Now comes the bit that I'm unsure about: to implement this I need to
add a pointer to every object. This pointer is either NULL or points
to the corresponding weak objectt (so for every object there is either no
weak reference object or exactly one). But, for the price of 4 bytes extra
in every object we get the nicety that there is little cpu-overhead:
refcounting macros work identical to the way they do now, the only
thing to take care of is that during object deallocation we have to
zero the weak pointer. (actually: we could make do with a single bit
in every object, with the bit meaning "this object has an associated
weak object". We could then use a global dictionary indexed by object
address to find the weak object)

From here on life is easy: the weak object is a normal refcounted
object with a pointer to the real object as its only data. weak()
creates the weak object if it doesn't exist and returns the existing
(and INCREFfed) weak object if it does. Strong() checks that
self->object->weak == self and returns self->object (INCREFfed) if it
is. This works on all platforms that I'm aware of, but it could break
if there are any (Python) platforms that can have objects at VM
addresses that are later, when the object has been free()d, become
invalid addresses. And even then a vmaddrvalid() function, only needed
in the strong() method, could solve this.
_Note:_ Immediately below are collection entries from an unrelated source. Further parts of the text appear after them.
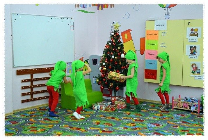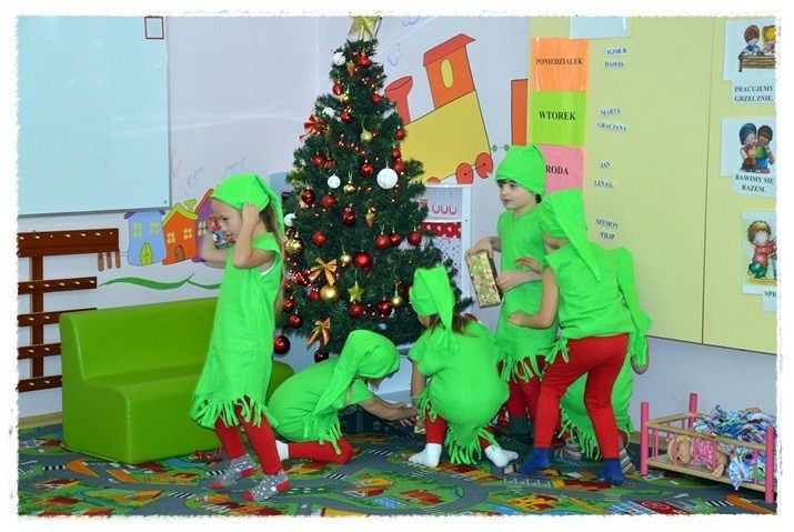 04.12.2015 roku obchodziliśmy Mikołajki. Uroczystość rozpoczęła grupa teatralna, która przygotowała piękny musical bożonarodzeniowy pt. „Bajka Wesołego Mikołajka”. Następnie przyjechał do nas Mikołaj, tym razem nie na saniach z zaprzęgiem reniferów, tylko …… motorem;). Dzieci obiecały, że będą przez cały grudzień bardzo, bardzo grzeczne, śpiewały piosenki, mówiły wiersze więc Mikołaj po krótkim namyśle powiedział, że w szatni czekają ….prezenty!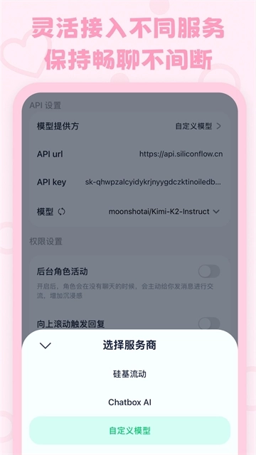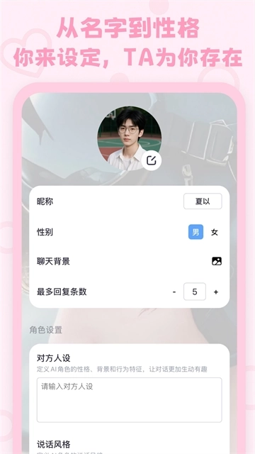 1.自定义角色:角色的外形、性情与出身背景都由用户自行设定。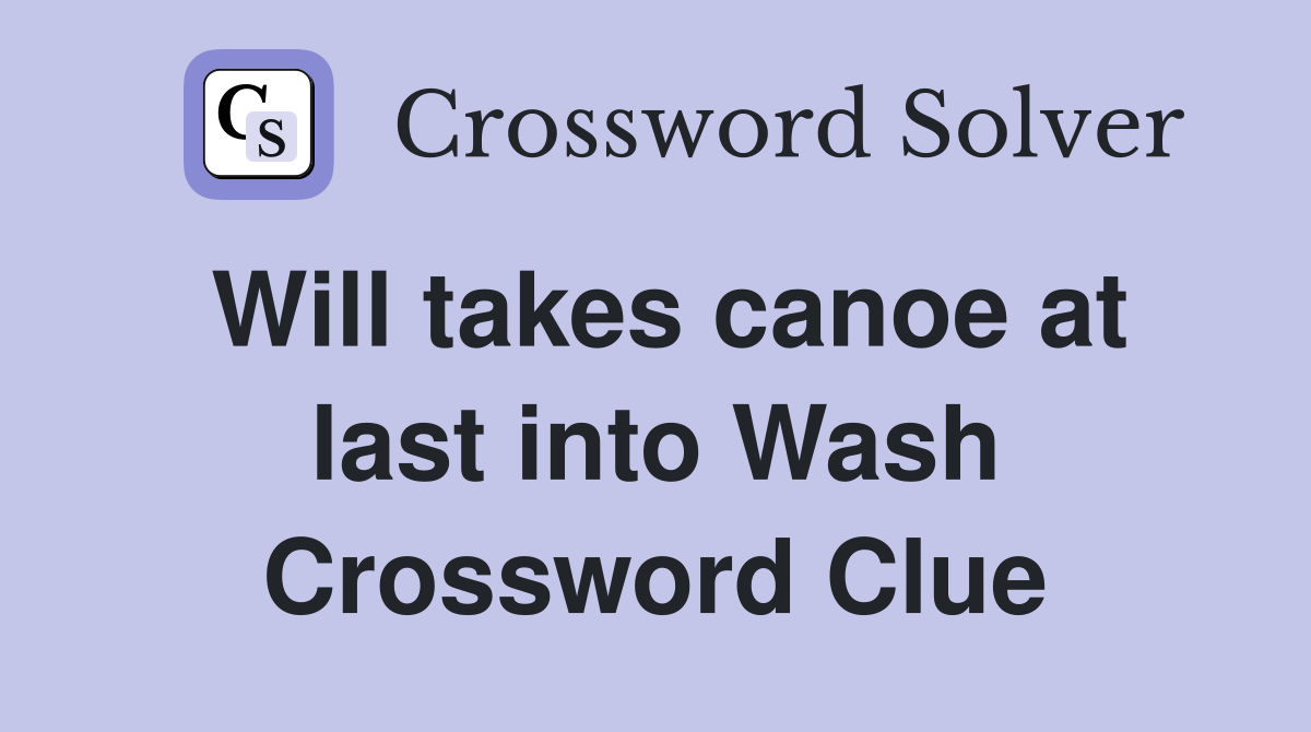 Will takes canoe at last into Wash Crossword Clue Answers Crossword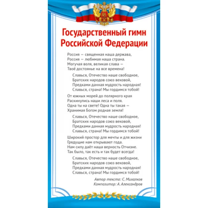 Карточка содержит официальный текст Государственного гимна Российской Федерации. Будет полезна как наглядный материал для занятий по патриотическому воспитанию школьников. На обороте приведен список государственных праздников. Карточка поможет детям выучить слова гимна, вырасти настоящими гражданами своей страны. Может быть использована в качестве закладки.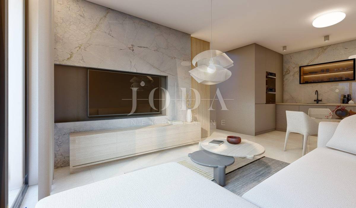 Visoki standard opreme, kvalitetna arhitektonska rješenja te dizajn prostora odlike su ovog stana smještenog u prvoj od tri zgrade novog budućeg modrenog kompleksa u zapadnom dijelu grada.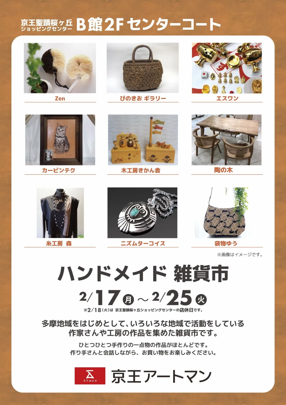 京王アートマン聖蹟桜ヶ丘店が、2025年2月17日から2月25日までの期間、京王聖蹟桜ヶ丘ショッピングセンターのB館2階センターコートにて「ハンドメイド雑貨市」を開催します。このイベントでは、多摩地域のさまざまな作家や工房の手作り作品が集まります。ひとつひとつが独自の魅力を持つ一点物のアイテムが揃っており、訪れる人々は作り手との会話を楽しみながら、お買い物をすることができます.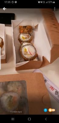 - "Хотсити": жареный морской окунь, сливочный сыр, огурец, омлет тамаго, сырный соус, нори, соус терияки - 8 шт.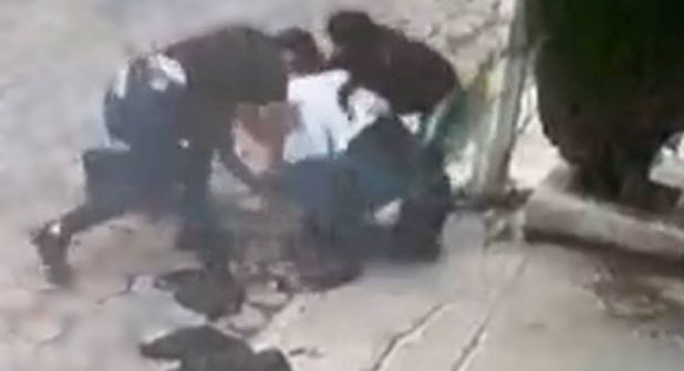 El agresor es derribado por la víctima, y de inmediato una mujer y otro hombre lo ayudan para forcejear con el presunto delincuente a quien golpean y detienen con fuerza impidiendo que escape; mientras el otro sujeto con el que iba acompañado se retira a bordo de la motocicleta y huye de la escena.

The weak object isn't transparent, because you have to call strong()
before you can do anything with it, but this is an advantage (says he,
aspiring to a career in politics or sales:-): with a transparent weak
object the object could disappear at unexpected moments and with this
scheme it can't, because when you have the object itself in hand you
have a refcount too.
--
Jack Jansen | ++++ stop the execution of Mumia Abu-Jamal ++++
Jack.Jansen@oratrix.com | ++++ if you agree copy these lines to your sig ++++
www.oratrix.nl/~jack | see http://www.xs4all.nl/~tank/spg-l/sigaction.htm
Re: Quick-and-dirty weak references [ In reply to ]
Jack Jansen wrote:
>
> This week again I was bitten by the fact that Python doesn't have any
> form of weak references, and while I was toying with some ideas I came
> up with the following quick-and-dirty scheme that I thought I'd bounce
> off this list. I might even volunteer to implement it, if people agree
> it is worth it:-)

Have you checked the weak reference dictionary implementation
by Dieter Maurer ? It's at:

http://www.handshake.de/~dieter/weakdict.html

While I like the idea of having weak references in the core,
I think 4 extra bytes for *every* object is just a little
too much. The flag bit idea (with the added global dictionary
of weak referenced objects) looks promising though.

BTW, how would this be done in JPython ? I guess it doesn't
make much sense there because cycles are no problem for the
Java VM GC.

--
Marc-Andre Lemburg
______________________________________________________________________
Y2000: 139 days left
Business: http://www.lemburg.com/
Python Pages: http://www.lemburg.com/python/
RE: Quick-and-dirty weak references [ In reply to ]
[Jack Jansen]
> ...

A long time ago, Dianne Hackborn actually implemented a scheme like this,
under the name VREF (for "virtual reference", or some such). IIRC,
differences from your scheme were mainly that:

1) There was an elaborate proxy mechanism to avoid having to explicitly
strengthen the weak.

2) Each object contained a pointer to a linked list of associated weak refs.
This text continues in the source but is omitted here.